What to work on:
In the entries below, find the line with "Jedna strana je" and the line with "Dufil Prima Foods". Return those two lines and all lines between them, exactly.

──────── Material provided

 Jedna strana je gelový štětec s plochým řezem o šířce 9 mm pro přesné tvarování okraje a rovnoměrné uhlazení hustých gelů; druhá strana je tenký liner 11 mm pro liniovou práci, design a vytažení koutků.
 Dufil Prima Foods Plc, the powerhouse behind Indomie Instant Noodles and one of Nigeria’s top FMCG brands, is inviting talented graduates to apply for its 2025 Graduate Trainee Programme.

────────────────
──────── Material provided

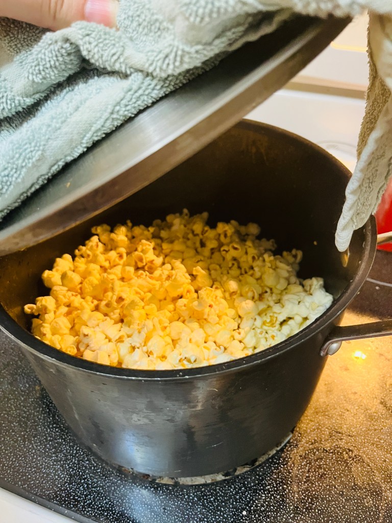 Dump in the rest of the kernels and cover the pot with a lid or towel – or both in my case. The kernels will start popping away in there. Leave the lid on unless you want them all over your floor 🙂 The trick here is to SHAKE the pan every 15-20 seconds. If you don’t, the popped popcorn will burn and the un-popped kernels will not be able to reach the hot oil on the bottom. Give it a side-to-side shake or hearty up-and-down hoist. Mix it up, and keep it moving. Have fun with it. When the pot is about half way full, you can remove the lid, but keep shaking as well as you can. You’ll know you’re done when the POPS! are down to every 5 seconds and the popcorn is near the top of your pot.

────────────────

Exercise response:
 Jedna strana je gelový štětec s plochým řezem o šířce 9 mm pro přesné tvarování okraje a rovnoměrné uhlazení hustých gelů; druhá strana je tenký liner 11 mm pro liniovou práci, design a vytažení koutků.
 Dufil Prima Foods Plc, the powerhouse behind Indomie Instant Noodles and one of Nigeria’s top FMCG brands, is inviting talented graduates to apply for its 2025 Graduate Trainee Programme.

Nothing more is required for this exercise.